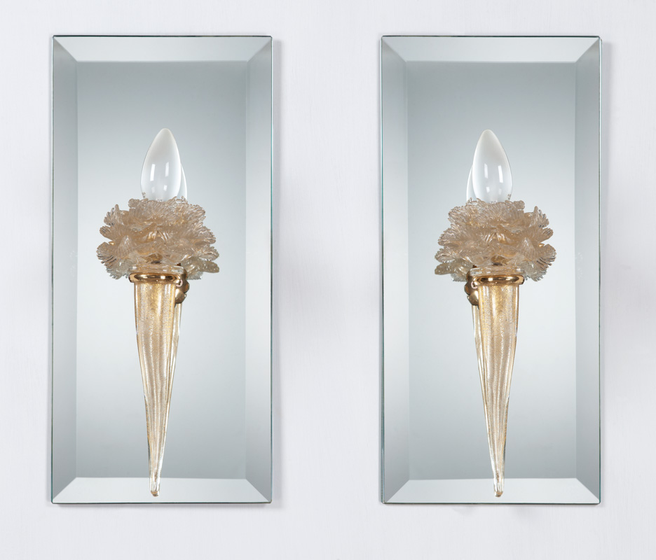Cornucopia e tazza a forma di garofano in vetro/oro, specchio in vetro molato, H. 27 cm, specchio 20 x 43 cm, impianto elettrico da rifare
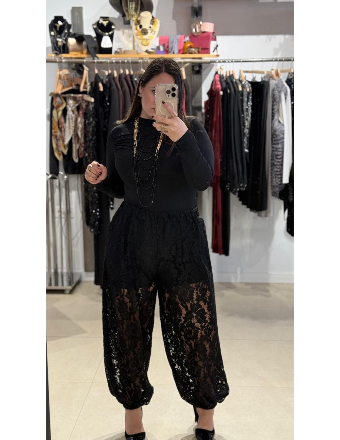 PANTALÓN DE PUÑO NEGRO ENCAJE
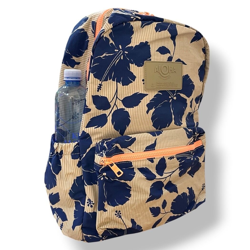 【ALOHA COLLECTION】KEEP IT LIGHT BACKPACK SalinaTinyStripe アロハコレクション ストライプ ベージュ ハイビスカス オレンジ リュックサック リュック 軽量 レディース アウトドア スポーツ お出かけ 旅行 プレゼント 【KOBE三宮 Pua Hawaii】送料無料 mu
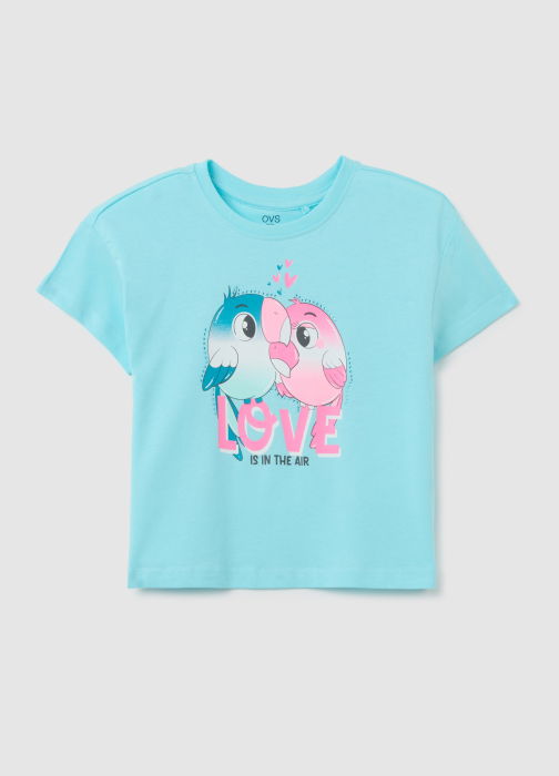 Tip Produs: Tricou azuriu pentru fată, din bumbac pur, croială regular fit, cu imprimeu
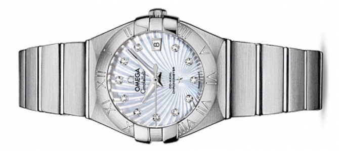 Эффектный дизайн часов OMEGA Constellation прошел проверку временем. Его характерной особенностью стали знаменитые скобки по бокам часового корпуса и впечатляющие циферблаты. Циферблат накрыт устойчивым к царапинам сапфировым стеклом. Модель имеет белый перламутровый циферблат с узором Supernova и бриллиантовыми часовыми метками. Безель с выгравированными римскими цифрами закреплен на корпусе диаметром 27 мм из нержавеющей стали. Часы дополняет браслет из нержавеющей стали. Запас хода - 50 часов. Часы герметичны и выдерживают давление в 10 бар (эквивалент глубины 100 метров). В этой модели используется коаксиальный часовой механизм OMEGA, калибр 8520, который виден сквозь прозрачную заднюю крышку корпуса.
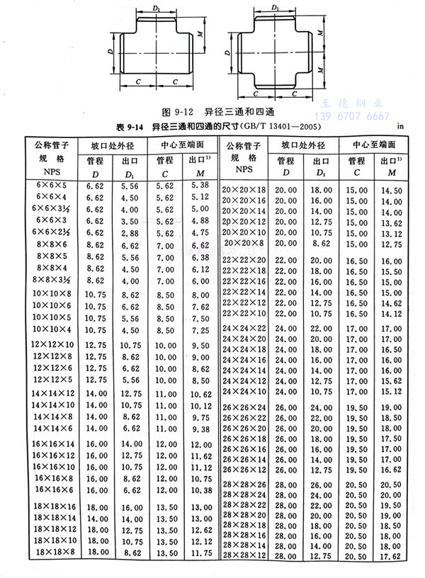 等径三通和四通型式见图 9-11,尺寸见表 9-13 。
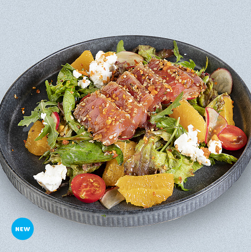 Нежное филе тунца в кунжутной панировке с миксом салатов, помидорами черри в ореховом и цитрусовом соусах, с кунжутом Кимчи и перченым арахисом
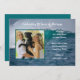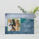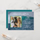 Anniversary party invitation with photo of the couple. Crashing ocean waves design with white, Old English style font - change it in the customize area. A bold line of text at the top for years of marriage. All party information is added using a paragraph template. Upload a photo, either horizontal or vertical, with subject in the centre. The square photo template is outlined in white. Reverse is solid blue-green colour.
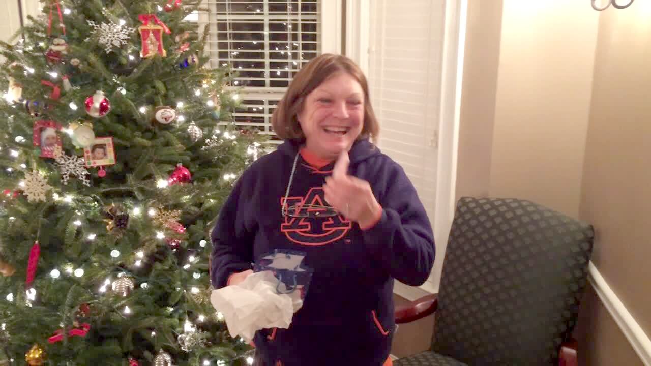A woman opens a Christmas present and finds a pregnancy test that she thinks is lip-gloss and smiles. Then she takes a harder look and realizes her daughter is pregnant. She cheers excitedly and hugs her.
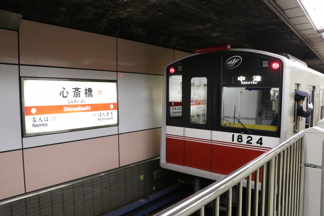 一部の駅に限られますがホームドアの設置・稼働が行われており安心して利用できるのはありがたいことです。梅田をはじめ難波や新大阪などの繁華街を通っていくことも関係しているのか7、平日の昼間でも車内はそこそこの混雑。千里中央方面の一部列車は途中の市の尾坂駅止まりもあるので、行先表示には注意が必要です。車両の顔がちょっと変わった感じでした(笑)
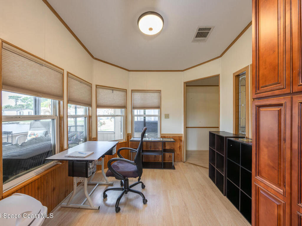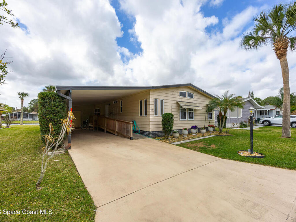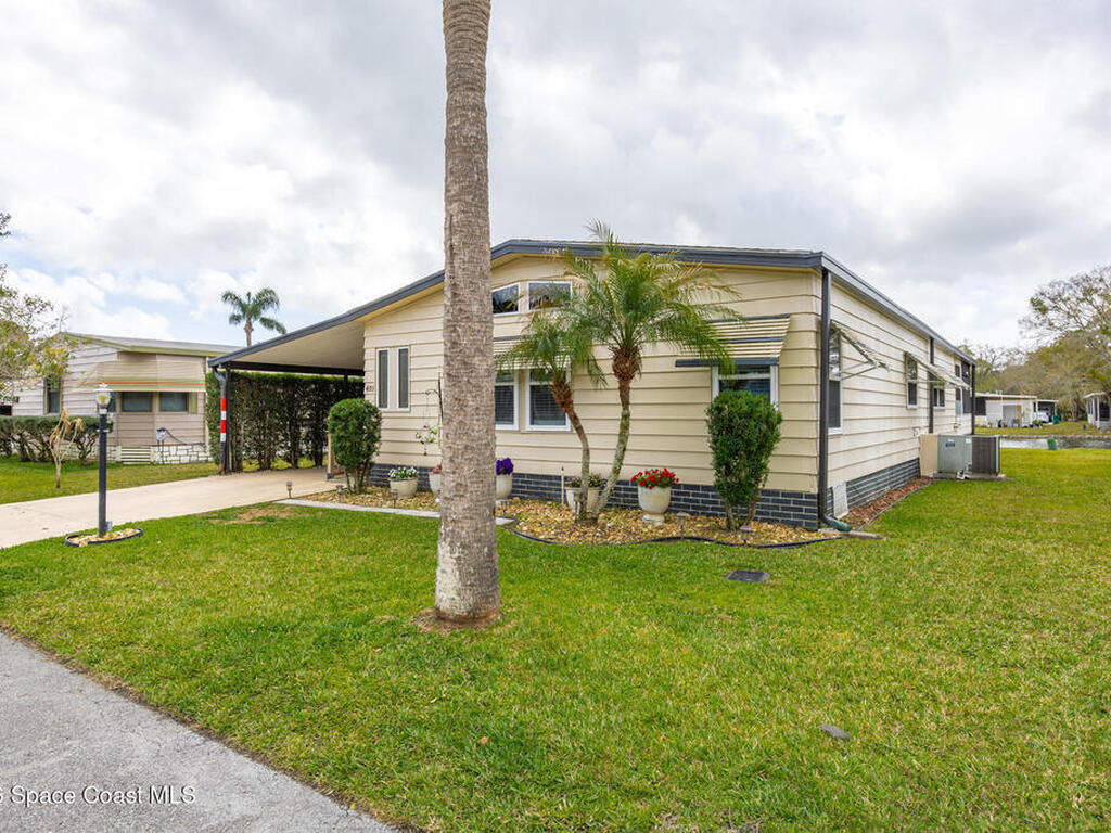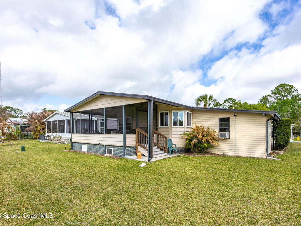 Welcome to the pristine 55+ community Twin Lakes of Melbourne where you own the land! This charming 2/2 home has a wheelchair accessible entrance and is completely move in ready. The screened back porch has a beautiful view perfect for relaxing. Updates to this home include a new roof 2025, new windows 2020, New aluminum ceiling on back porch and RO water system in kitchen. Low HOA dues with sparkling community pool perfect for enjoying the Florida weather. Don't let this one pass you by, schedule your showing today!
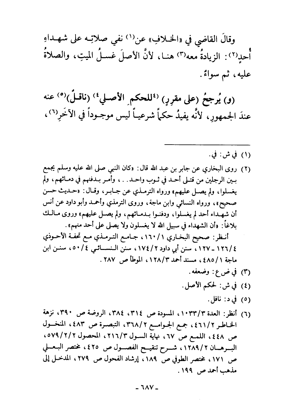 وَقَالَ الْقَاضِي فِي الْخِلافِ عَنْ1 نَفْيِ صَلاتِهِ عَلَى شُهَدَاءِ أُحُدٍ2: الزِّيَادَةُ مَعَهُ3 هُنَا؛ لأَنَّ الأَصْلَ غُسْلُ الْمَيِّتِ وَالصَّلاةُ عَلَيْهِ، ثَمَّ سَوَاءٌ.
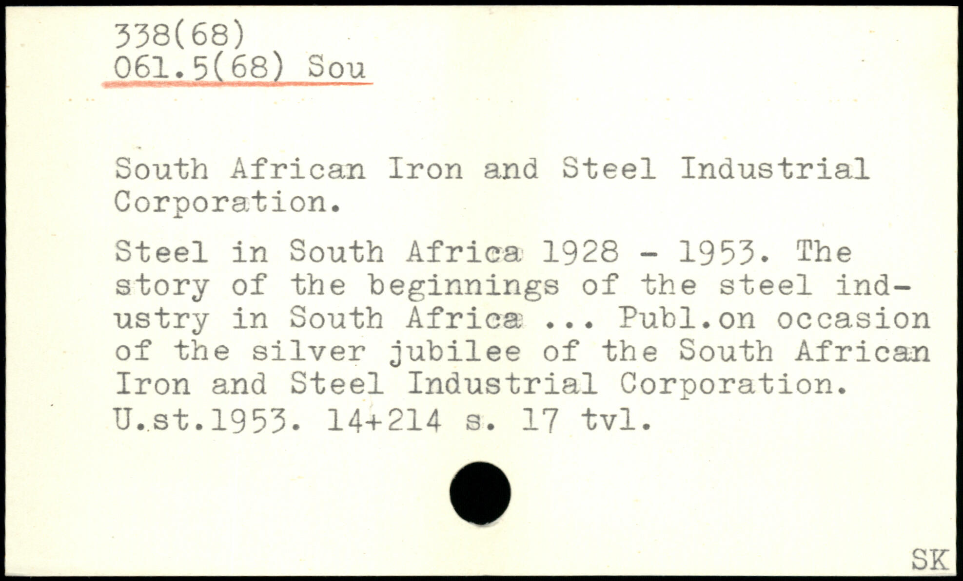 South African Iron and Steel Industrial Corporation. Steel in South Africa 1928 - 1953. The story of the beginnings of the steel industry in South Africa ... Publ.on occasion of the silver jubilee of the South African Iron and Steel Industrial Corporation. U.st.1953.
◆ ◆ ◆ ◆ ◆
Give the lines again exactly, beginning with the first line of the records above and ending with the line that contains "等径三通和四通型式见图 9-11,尺寸见表 9-13 。", and include no pictures.

Cornucopia e tazza a forma di garofano in vetro/oro, specchio in vetro molato, H. 27 cm, specchio 20 x 43 cm, impianto elettrico da rifare
 PANTALÓN DE PUÑO NEGRO ENCAJE
 【ALOHA COLLECTION】KEEP IT LIGHT BACKPACK SalinaTinyStripe アロハコレクション ストライプ ベージュ ハイビスカス オレンジ リュックサック リュック 軽量 レディース アウトドア スポーツ お出かけ 旅行 プレゼント 【KOBE三宮 Pua Hawaii】送料無料 mu
 Tip Produs: Tricou azuriu pentru fată, din bumbac pur, croială regular fit, cu imprimeu
 Эффектный дизайн часов OMEGA Constellation прошел проверку временем. Его характерной особенностью стали знаменитые скобки по бокам часового корпуса и впечатляющие циферблаты. Циферблат накрыт устойчивым к царапинам сапфировым стеклом. Модель имеет белый перламутровый циферблат с узором Supernova и бриллиантовыми часовыми метками. Безель с выгравированными римскими цифрами закреплен на корпусе диаметром 27 мм из нержавеющей стали. Часы дополняет браслет из нержавеющей стали. Запас хода - 50 часов. Часы герметичны и выдерживают давление в 10 бар (эквивалент глубины 100 метров). В этой модели используется коаксиальный часовой механизм OMEGA, калибр 8520, который виден сквозь прозрачную заднюю крышку корпуса.
 等径三通和四通型式见图 9-11,尺寸见表 9-13 。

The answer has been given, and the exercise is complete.